##### Recorded information #####
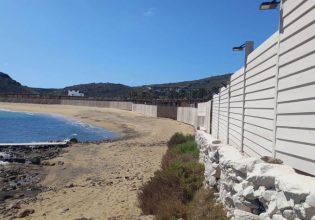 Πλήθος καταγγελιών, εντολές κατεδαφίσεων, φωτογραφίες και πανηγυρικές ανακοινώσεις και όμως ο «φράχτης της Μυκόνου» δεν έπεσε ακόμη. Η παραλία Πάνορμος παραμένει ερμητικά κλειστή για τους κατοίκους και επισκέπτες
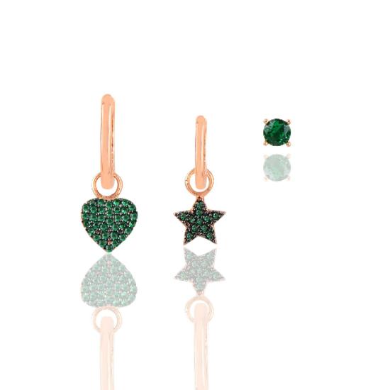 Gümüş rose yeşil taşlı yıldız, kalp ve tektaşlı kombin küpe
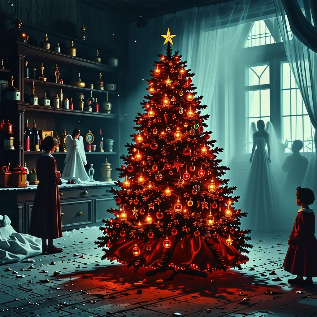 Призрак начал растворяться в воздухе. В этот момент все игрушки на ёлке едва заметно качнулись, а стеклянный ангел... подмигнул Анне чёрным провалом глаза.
#####
Repeat, exactly and only, the lines from the one containing "Gümüş rose yeşil" through the final line of the data, both ends included, leaving out any picture.

◆ Answer to this problem ◆
 Gümüş rose yeşil taşlı yıldız, kalp ve tektaşlı kombin küpe
 Призрак начал растворяться в воздухе. В этот момент все игрушки на ёлке едва заметно качнулись, а стеклянный ангел... подмигнул Анне чёрным провалом глаза.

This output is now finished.